Impact of topoisomerase II inhibition on cytokine and chemokine production
- Cite this article as:
- Verdrengh, M. & Tarkowski, A. Inflamm. res. (2003) 52: 148. doi:10.1007/s000110300065
Objective and design: In systemic inflammatory diseases such as rheumatoid arthritis, cytokines and chemokines are deeply involved in the development of the disease manifestations. Etoposide is a cytostatic drug, known to deplete the monocyte population in mice and rabbits. We have recently shown that suboptimal doses have a disease-ameliorating effect in collagen II induced arthritis in the absence of monocyte depletion. Anti-arthritic properties parallelled with almost total eradication of production of specific collagen II antibodies. The aim of the present study was to investigate ex vivo and in vitro the function of the mononuclear cells and their production of B cell stimulating cytokines following exposure to etoposide, a topoisomerase II inhibitor. Materials and methods: Spleen cells from mice treated during four weeks with etoposide were cultured and the supernatants were analyzed with respect to content of TNF and IL-6. In addition, cells from the murine macrophage cell clone IC-21 were exposed to etoposide and the production of IL-6, using a bioassay, and the production of TNF, MIP-1α, RANTES, and IL-1β, using sandwich ELISAs, was determined.

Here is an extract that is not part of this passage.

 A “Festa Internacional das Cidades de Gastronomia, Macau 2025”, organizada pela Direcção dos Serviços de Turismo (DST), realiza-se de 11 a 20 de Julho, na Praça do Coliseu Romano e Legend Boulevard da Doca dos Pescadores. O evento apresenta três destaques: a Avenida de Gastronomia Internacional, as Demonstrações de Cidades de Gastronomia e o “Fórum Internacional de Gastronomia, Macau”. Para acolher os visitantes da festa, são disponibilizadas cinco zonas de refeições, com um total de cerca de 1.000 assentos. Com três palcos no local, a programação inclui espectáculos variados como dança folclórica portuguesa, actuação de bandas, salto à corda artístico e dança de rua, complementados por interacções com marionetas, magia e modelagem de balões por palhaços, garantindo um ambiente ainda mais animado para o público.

Results: Spleen cells from etoposide-treated mice secreted lower amounts of IL-6 and TNF as compared to the control animals. In addition, in vitro etoposide-exposed macrophages showed reduced capacity to produce TNF, IL-6 and MIP-1α. Conclusion: Our results indicate that inhibition of topoisomerase II downregulated the function of monocytes. Owing to its immunoregulatory properties, use of etoposide is suggested in treatment of chronic inflammatory diseases.